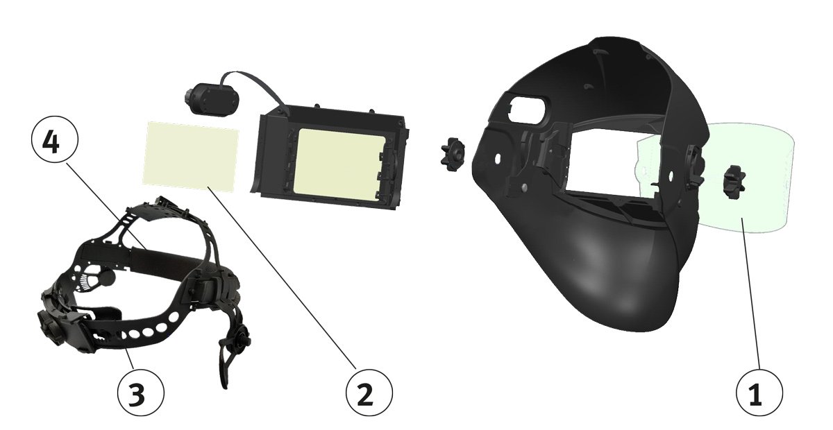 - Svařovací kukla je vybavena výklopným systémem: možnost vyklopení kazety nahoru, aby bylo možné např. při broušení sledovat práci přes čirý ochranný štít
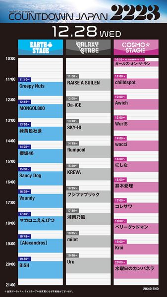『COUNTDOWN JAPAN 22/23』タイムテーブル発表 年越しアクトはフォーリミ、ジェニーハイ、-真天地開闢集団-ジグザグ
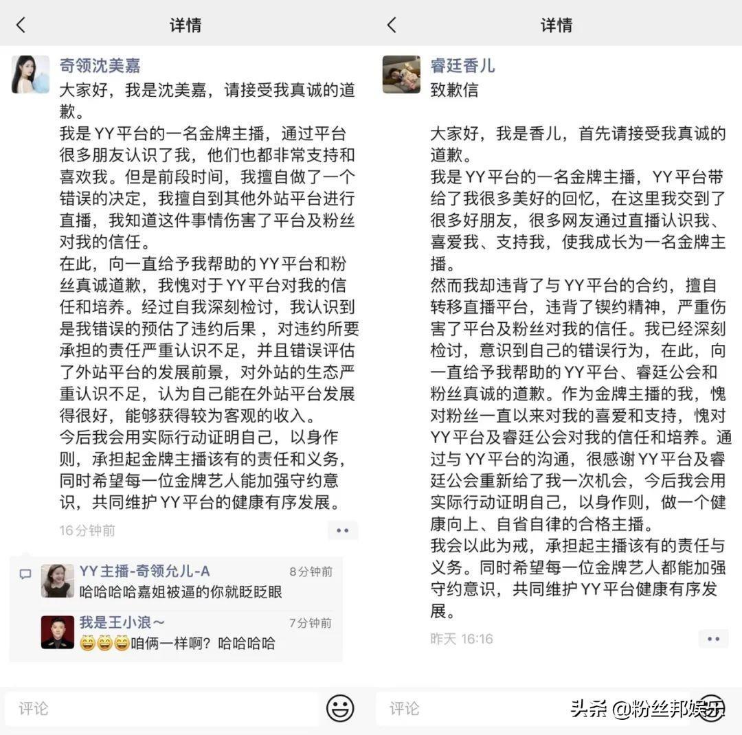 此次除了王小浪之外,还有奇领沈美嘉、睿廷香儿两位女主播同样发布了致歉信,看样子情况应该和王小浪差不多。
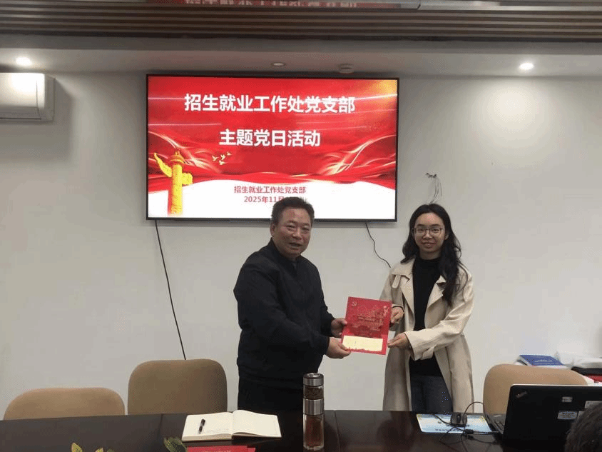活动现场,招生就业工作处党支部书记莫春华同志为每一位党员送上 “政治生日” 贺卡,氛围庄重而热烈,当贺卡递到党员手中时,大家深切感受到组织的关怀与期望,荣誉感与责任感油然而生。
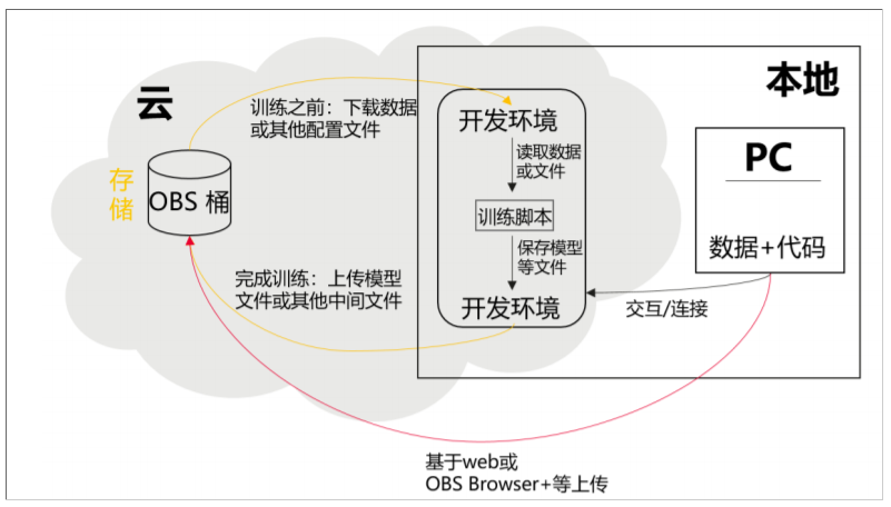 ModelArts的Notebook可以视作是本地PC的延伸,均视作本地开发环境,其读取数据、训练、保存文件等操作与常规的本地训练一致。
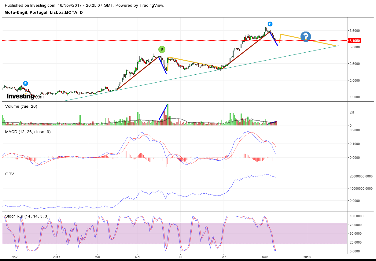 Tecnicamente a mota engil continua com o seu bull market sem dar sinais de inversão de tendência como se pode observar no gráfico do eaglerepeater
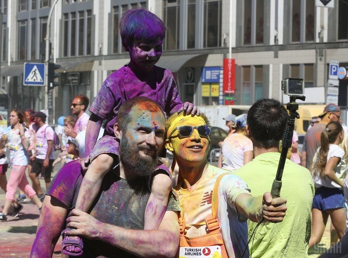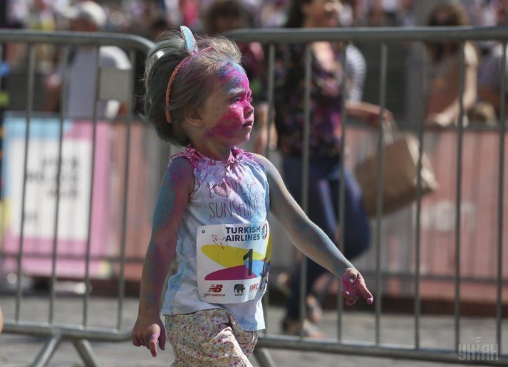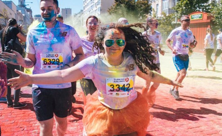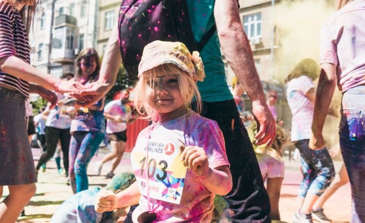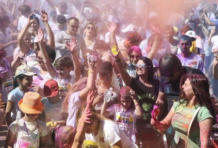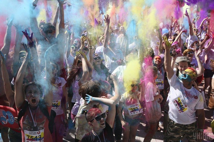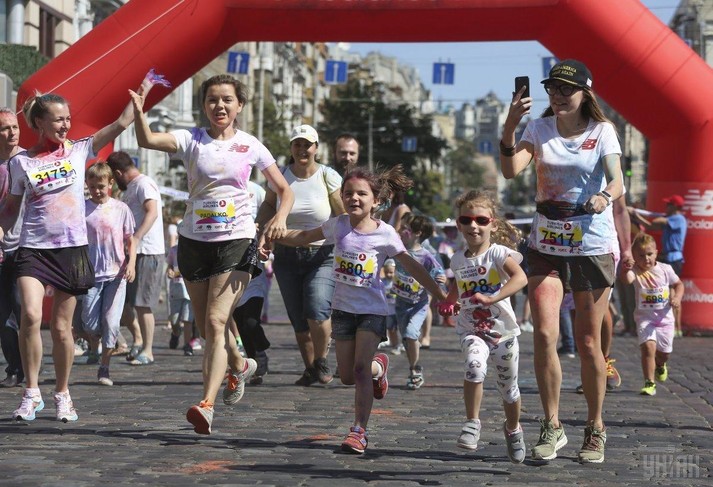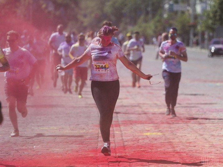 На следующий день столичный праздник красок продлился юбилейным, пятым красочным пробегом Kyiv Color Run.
--
- Exercise brief:
Are you able to set down all the lines above exactly, without any pictures?

- Result:
 - Svařovací kukla je vybavena výklopným systémem: možnost vyklopení kazety nahoru, aby bylo možné např. při broušení sledovat práci přes čirý ochranný štít
『COUNTDOWN JAPAN 22/23』タイムテーブル発表 年越しアクトはフォーリミ、ジェニーハイ、-真天地開闢集団-ジグザグ
 此次除了王小浪之外,还有奇领沈美嘉、睿廷香儿两位女主播同样发布了致歉信,看样子情况应该和王小浪差不多。
活动现场,招生就业工作处党支部书记莫春华同志为每一位党员送上 “政治生日” 贺卡,氛围庄重而热烈,当贺卡递到党员手中时,大家深切感受到组织的关怀与期望,荣誉感与责任感油然而生。
 ModelArts的Notebook可以视作是本地PC的延伸,均视作本地开发环境,其读取数据、训练、保存文件等操作与常规的本地训练一致。
 Tecnicamente a mota engil continua com o seu bull market sem dar sinais de inversão de tendência como se pode observar no gráfico do eaglerepeater
 На следующий день столичный праздник красок продлился юбилейным, пятым красочным пробегом Kyiv Color Run.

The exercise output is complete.